- [Assignment] Of all the lines below, output only those starting at the one with "Flophouse Phonics is" and ending at the one with "Thông tin sản", both ends included, exactly as written.

- [Material to process]
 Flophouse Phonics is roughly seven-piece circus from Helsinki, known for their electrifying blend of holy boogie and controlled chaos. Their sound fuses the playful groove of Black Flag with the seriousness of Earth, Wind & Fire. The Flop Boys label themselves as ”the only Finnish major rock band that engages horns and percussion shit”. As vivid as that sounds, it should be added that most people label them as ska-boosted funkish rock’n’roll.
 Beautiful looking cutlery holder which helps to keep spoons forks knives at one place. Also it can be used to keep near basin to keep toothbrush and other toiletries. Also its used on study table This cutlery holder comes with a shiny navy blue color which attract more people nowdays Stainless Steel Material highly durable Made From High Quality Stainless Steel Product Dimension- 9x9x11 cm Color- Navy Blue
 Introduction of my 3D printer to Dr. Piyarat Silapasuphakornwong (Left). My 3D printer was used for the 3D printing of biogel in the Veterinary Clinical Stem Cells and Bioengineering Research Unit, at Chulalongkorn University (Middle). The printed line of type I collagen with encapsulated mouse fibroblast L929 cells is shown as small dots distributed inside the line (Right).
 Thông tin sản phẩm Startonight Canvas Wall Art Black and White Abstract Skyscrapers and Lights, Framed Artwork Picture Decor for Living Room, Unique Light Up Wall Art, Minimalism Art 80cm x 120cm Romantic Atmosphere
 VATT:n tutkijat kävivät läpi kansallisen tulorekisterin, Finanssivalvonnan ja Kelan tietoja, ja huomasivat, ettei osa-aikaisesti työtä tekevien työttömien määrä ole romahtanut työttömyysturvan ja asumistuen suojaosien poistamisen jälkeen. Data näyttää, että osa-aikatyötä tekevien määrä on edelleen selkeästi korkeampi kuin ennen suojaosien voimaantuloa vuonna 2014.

--

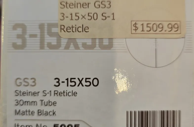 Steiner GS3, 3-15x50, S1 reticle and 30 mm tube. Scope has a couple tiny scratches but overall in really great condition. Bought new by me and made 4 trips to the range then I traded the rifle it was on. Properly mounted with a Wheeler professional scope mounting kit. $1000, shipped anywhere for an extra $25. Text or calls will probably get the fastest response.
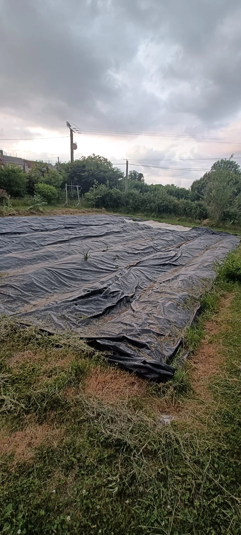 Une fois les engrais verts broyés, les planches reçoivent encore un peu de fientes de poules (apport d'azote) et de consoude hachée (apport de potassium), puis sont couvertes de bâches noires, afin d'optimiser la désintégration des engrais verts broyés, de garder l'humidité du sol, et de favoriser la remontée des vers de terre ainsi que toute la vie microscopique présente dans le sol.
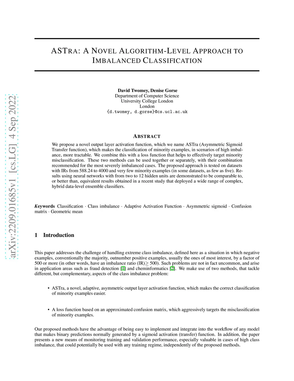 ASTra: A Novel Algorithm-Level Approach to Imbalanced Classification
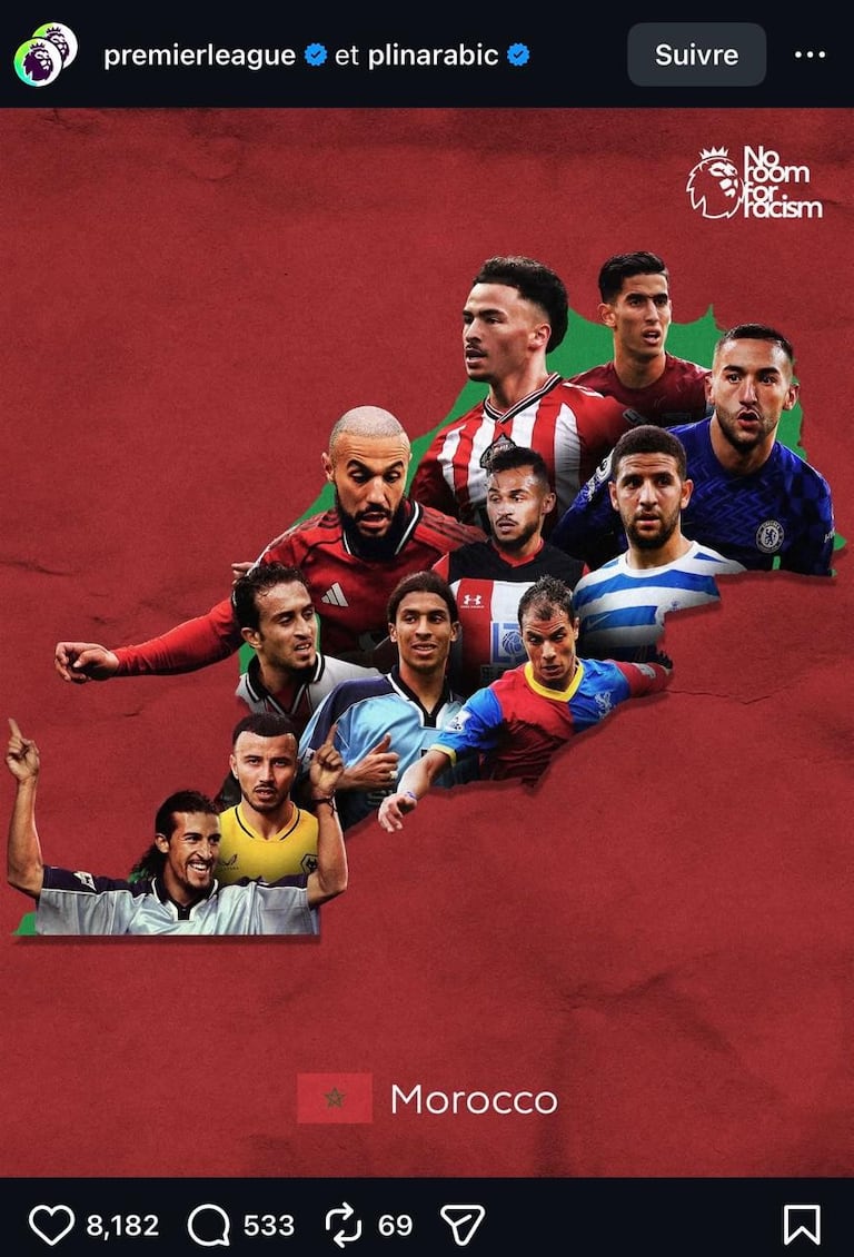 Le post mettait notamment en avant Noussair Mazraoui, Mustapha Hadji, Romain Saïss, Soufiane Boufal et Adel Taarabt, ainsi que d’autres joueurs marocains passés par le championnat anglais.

- [Result for this task]
 Flophouse Phonics is roughly seven-piece circus from Helsinki, known for their electrifying blend of holy boogie and controlled chaos. Their sound fuses the playful groove of Black Flag with the seriousness of Earth, Wind & Fire. The Flop Boys label themselves as ”the only Finnish major rock band that engages horns and percussion shit”. As vivid as that sounds, it should be added that most people label them as ska-boosted funkish rock’n’roll.
 Beautiful looking cutlery holder which helps to keep spoons forks knives at one place. Also it can be used to keep near basin to keep toothbrush and other toiletries. Also its used on study table This cutlery holder comes with a shiny navy blue color which attract more people nowdays Stainless Steel Material highly durable Made From High Quality Stainless Steel Product Dimension- 9x9x11 cm Color- Navy Blue
 Introduction of my 3D printer to Dr. Piyarat Silapasuphakornwong (Left). My 3D printer was used for the 3D printing of biogel in the Veterinary Clinical Stem Cells and Bioengineering Research Unit, at Chulalongkorn University (Middle). The printed line of type I collagen with encapsulated mouse fibroblast L929 cells is shown as small dots distributed inside the line (Right).
 Thông tin sản phẩm Startonight Canvas Wall Art Black and White Abstract Skyscrapers and Lights, Framed Artwork Picture Decor for Living Room, Unique Light Up Wall Art, Minimalism Art 80cm x 120cm Romantic Atmosphere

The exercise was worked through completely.